Deep vein thrombosis and/or pulmonary embolism treatment:
Note: For timing of initiating oral anticoagulant, see Transitioning Between Anticoagulants below.
SUBQ:
<50 kg: 5 mg once daily.
50 to 100 kg: 7.5 mg once daily.
>100 kg: 10 mg once daily.
Duration of therapeutic anticoagulation (first episode, general recommendations): Optimal duration of therapy is unknown and depends on many factors, such as whether provoking events were present, patient risk factors for recurrence and bleeding, and individual preference.

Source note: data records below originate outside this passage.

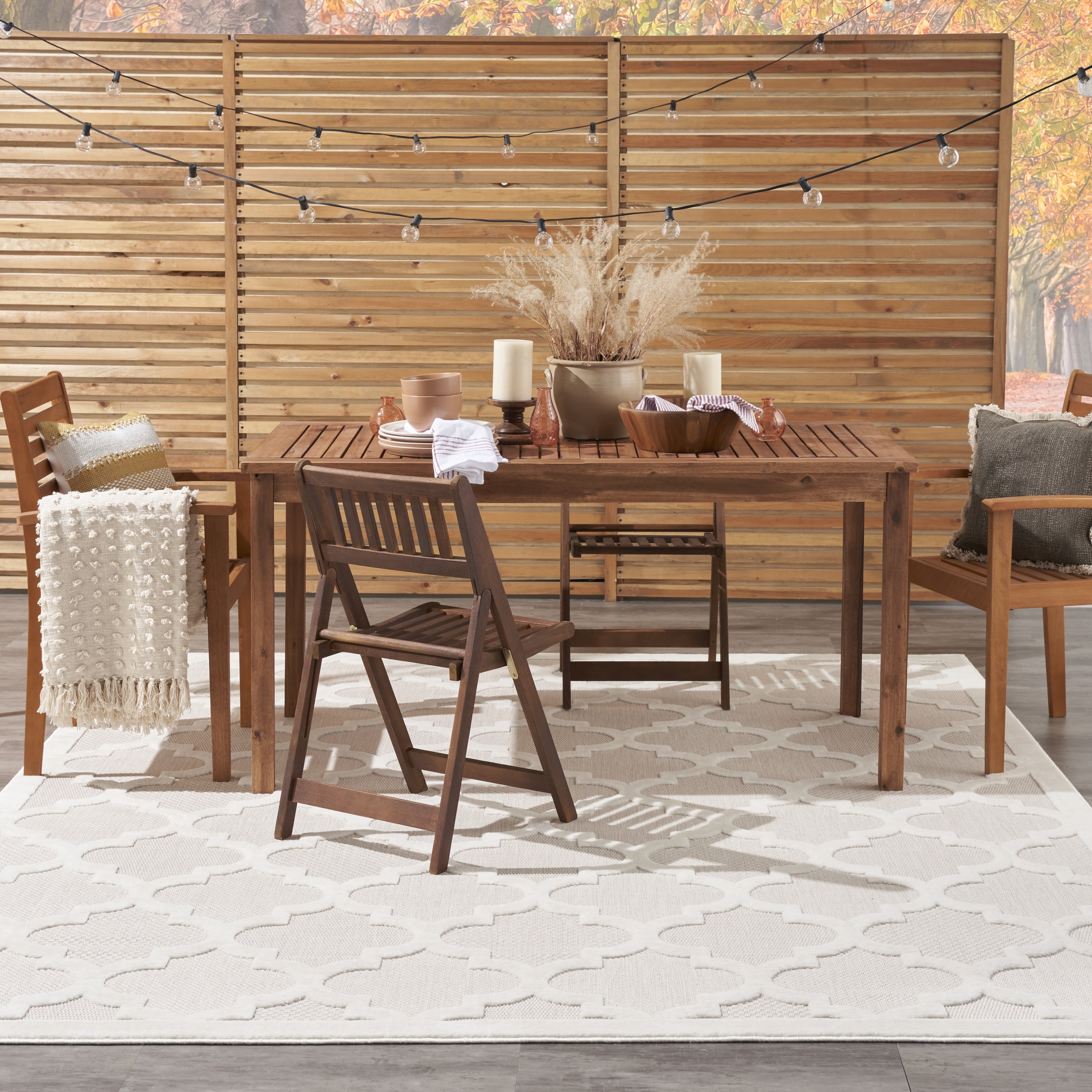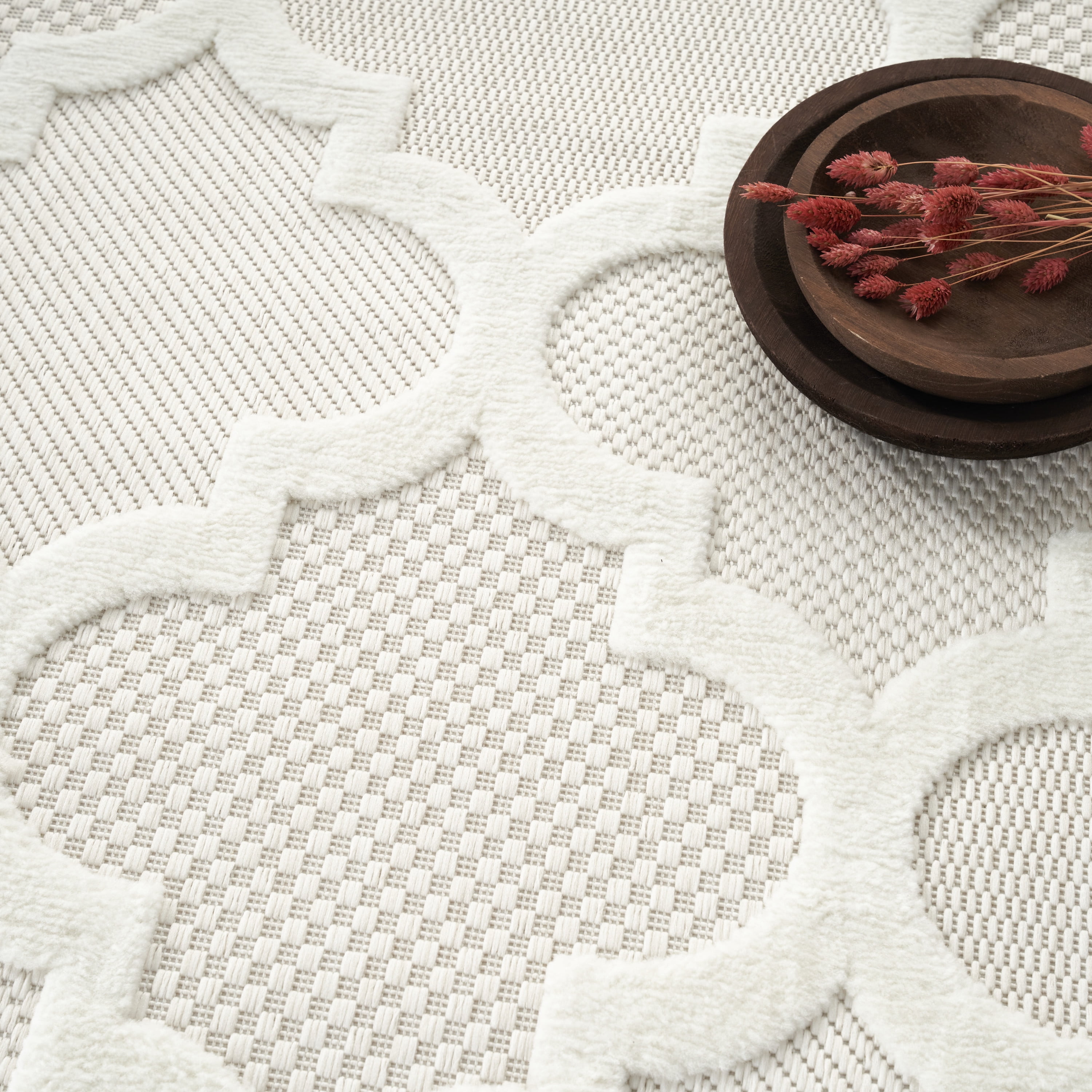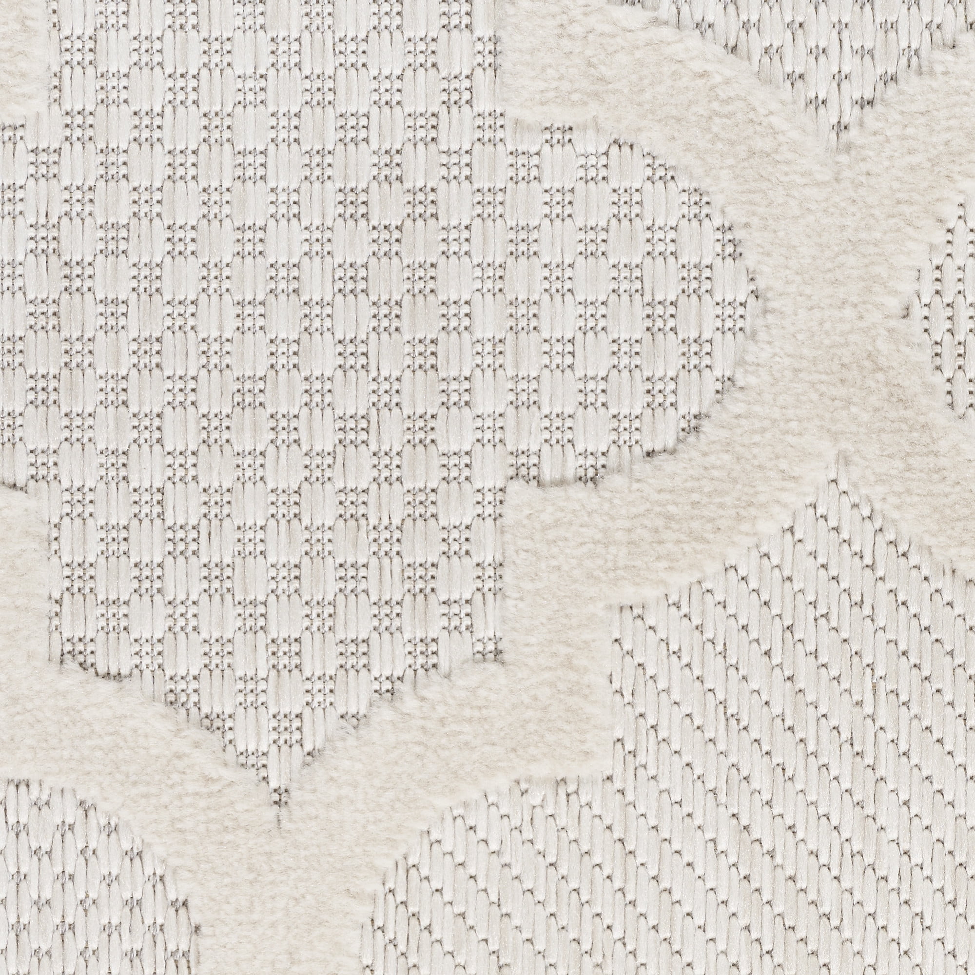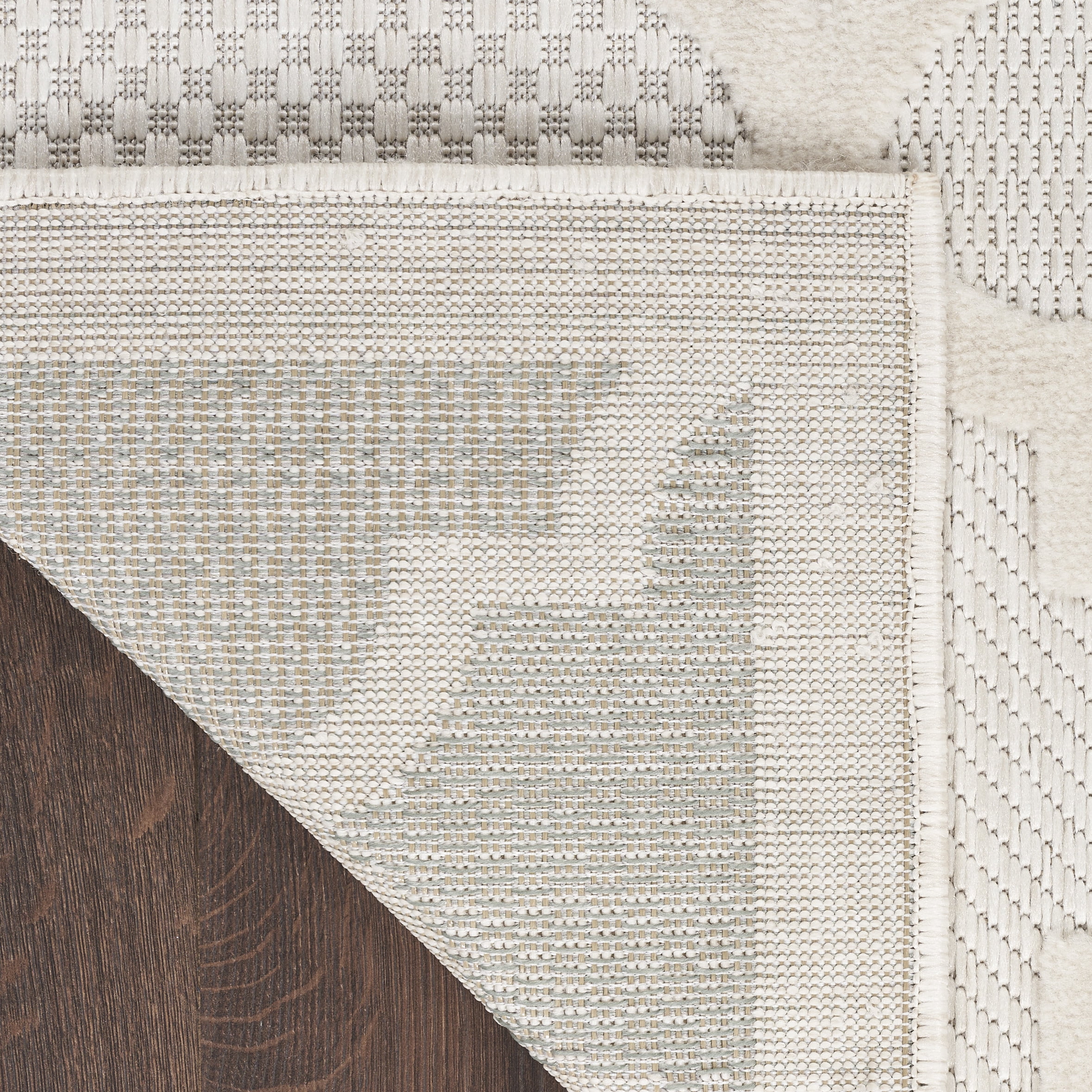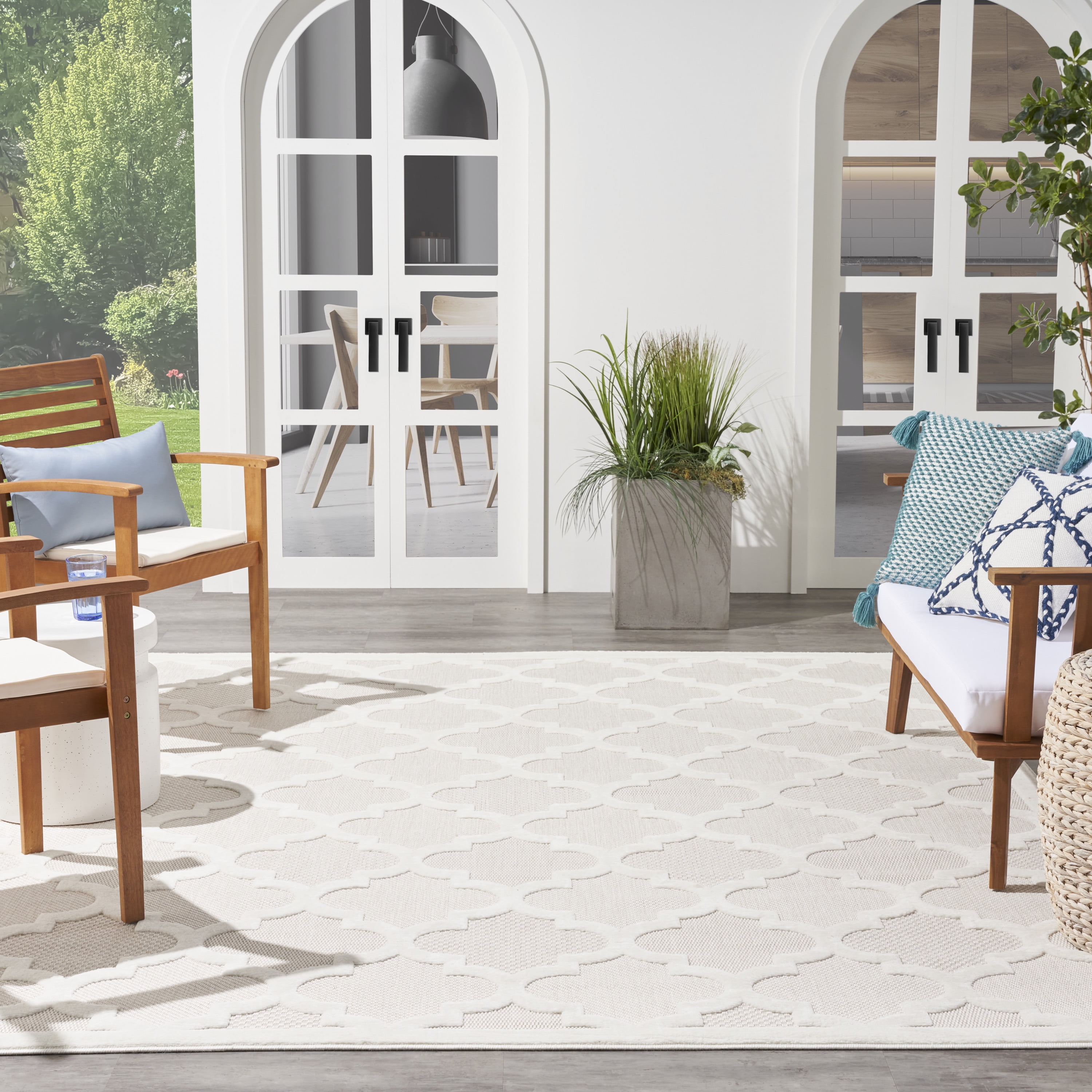 Refresh your home with the stylish designs showcased in the Nourison Easy Care Rug Collection. Featuring a flatweave ground with a softly textured high-low pattern, these indoor/outdoor rugs bring pleasing dimension to just about any space – from the living room, entryway, or kitchen to the porch, patio, deck, or balcony. Machine made from durable, low-shed, easy-clean fibers that are great in busy households and for all seasons spent outdoors. Ground your indoor or outdoor seating area in the stylish appeal of this indoor/outdoor rug from the Easy Care Collection. With a white backdrop that showcases multiple flatweave styles, enhanced by a raised Moroccan trellis pattern in ivory, this contemporary rug adds an appealing sense of depth to your surroundings. Place it in your living room, dining room, entryway, or favorite outdoor space such as the patio, porch, or deck for an instant style boost. Machine-made from durable, low-shed fibers that are easy to clean, making this a great choice for all seasons spent outdoors.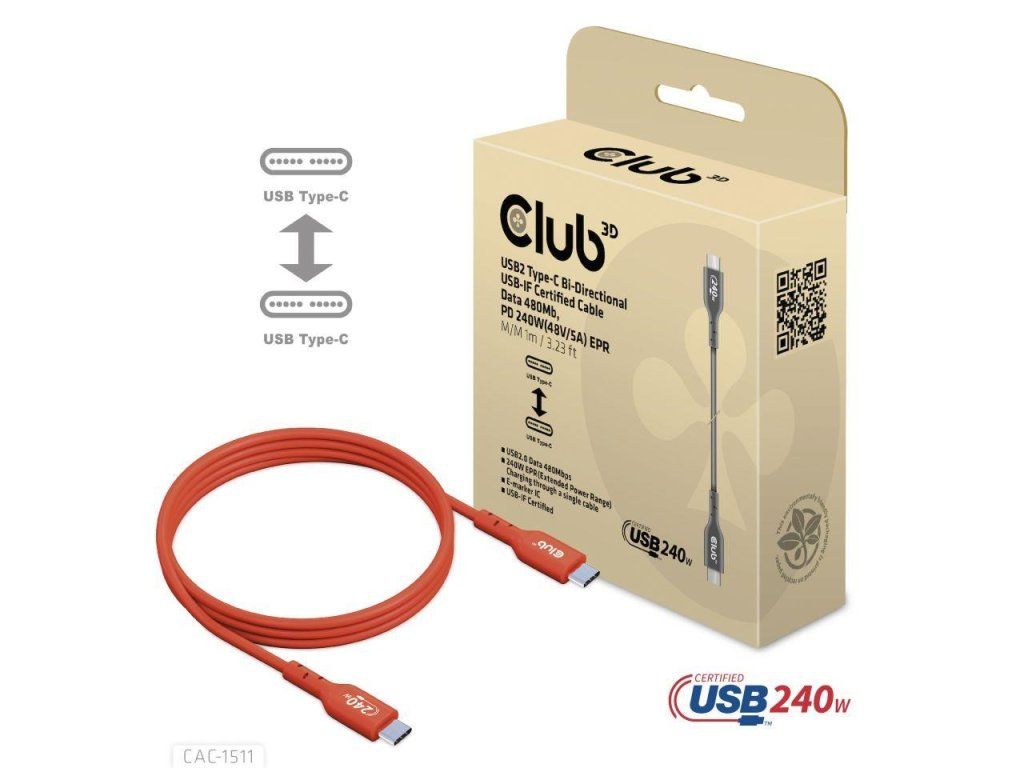 Club3D kabel USB-C, Oboustranný USB-IF Certifikovaný data kabel, PD 240W(48V/5A) EPR M/M 1m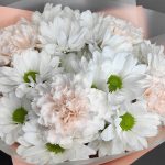 Лента атласная – 1 шт.Диантус – 4 шт.Хризантема кустовая ромашковая белая – 3 шт.упаковка флористическая – 1 шт.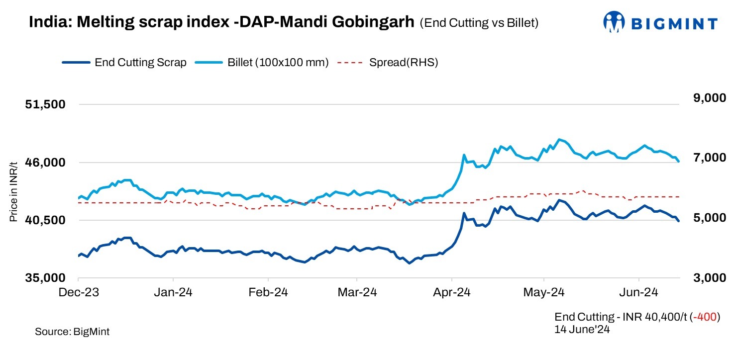BigMint’s domestic end-cutting scrap index in the Mandi Gobindgarh market dropped by INR 400/tonne (t) to INR 40,400/t DAP on 14 June, 2024. With mills facing the pressure of subdued demand in the semi-finished and finished steel markets, scrap procurement has slowed down considerably. So, mills have adjusted their offers downward and are taking control of negotiations. Scrap suppliers are grappling with the dual challenge of dwindling prices and mills’ discounted offers, driven by the influx of imported scrap into the market.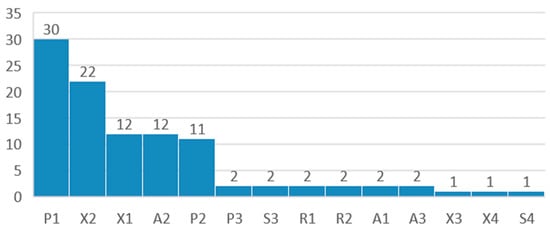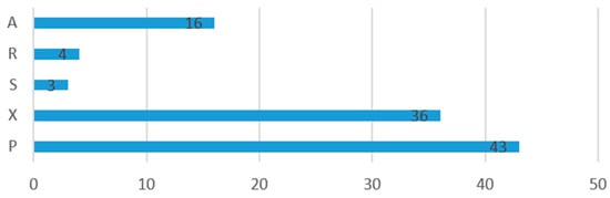Articles grouped according to SURVAS validation method. (A) Advanced methods. (R) Resampling methods. (S) Single-split methods. (X) Cross-validation methods. (P) Performance metrics.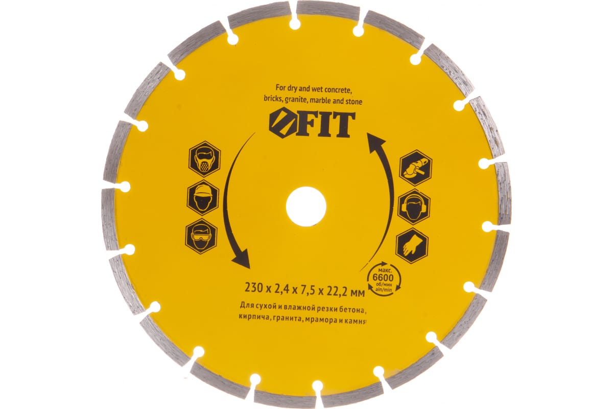 Диск отрезной алмазный FIT ⌀230 мм x 2.4 мм x 22.2 мм, прямой, по бетону, кирпичу, граниту, керамике, камню, мрамору, 1 шт. (37467)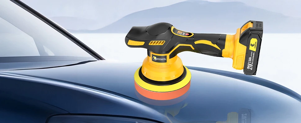 The CONENTOOL 6-inch cordless car polisher weighs only 1 kg (including two 2.0 Ah batteries), making it significantly lighter and more portable than traditional corded car polishers. You no longer need to worry about your car rubbing against power cords, tripping over them, or experiencing electric shock.
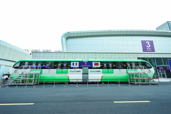 In the outdoor exhibition area,Alstom,a leading French company,will display a full-scale model of its straddle-type monorail. The vehicle,approximately 26 meters long and weighing around 30 tons,is part of the urban rail transit system. It can reach speeds of up to 80 kilometers per hour. It has a construction period half that of a metro system and costs only a third of a metro's total expense.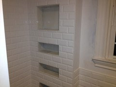 Bathroom niche for beveled subway tile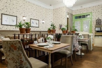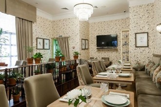 Дизайн заведения напоминает уютный загородный дом или проще сказать дачу. На стенах поклеены светлые обои с птичками, а на окнах висят плотные шторы и узорчатая тюль. Пространство залов заполнили комфортные мягкие диваны и кресла, деревянные столики с вазами для цветов и красивой посудой, напоминающую о былом времени.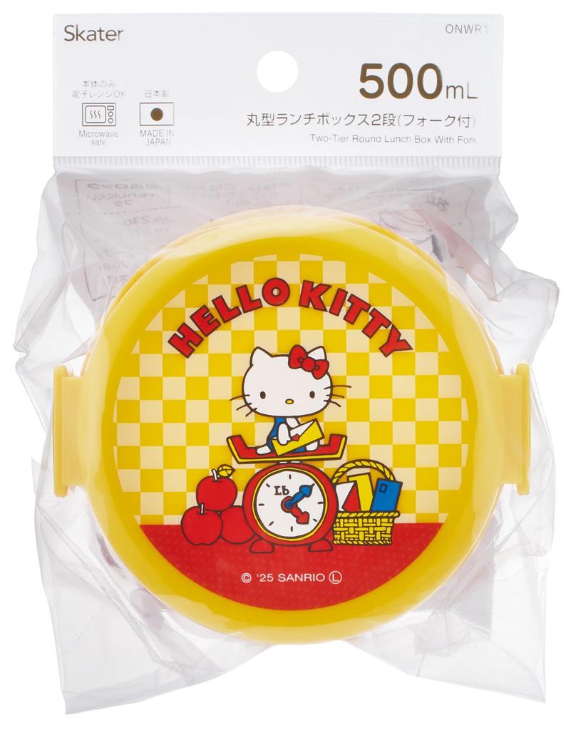 Skater Round Lunch 500ml Two with Made in Sanrio Hello Kitty Retro 25 Box, Capacity, Tiers, Fork, Japan, Design, ONWR1-A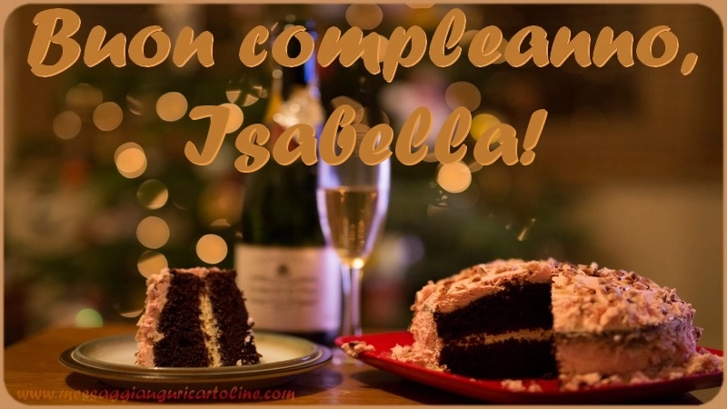 Buon compleanno, Isabella | Cartolina con torta al cioccolato e champagne | Cartoline di compleanno

Provoked venous thromboembolism: 3 months (provided the provoking risk factor is no longer present) (Ref).
Unprovoked venous thromboembolism or provoked venous thromboembolism with a persistent risk factor: ≥3 months depending on risk of venous thromboembolism (VTE) recurrence and bleeding (Ref).
Note: All patients receiving indefinite therapeutic anticoagulation with no specified stop date should be reassessed at periodic intervals (Ref).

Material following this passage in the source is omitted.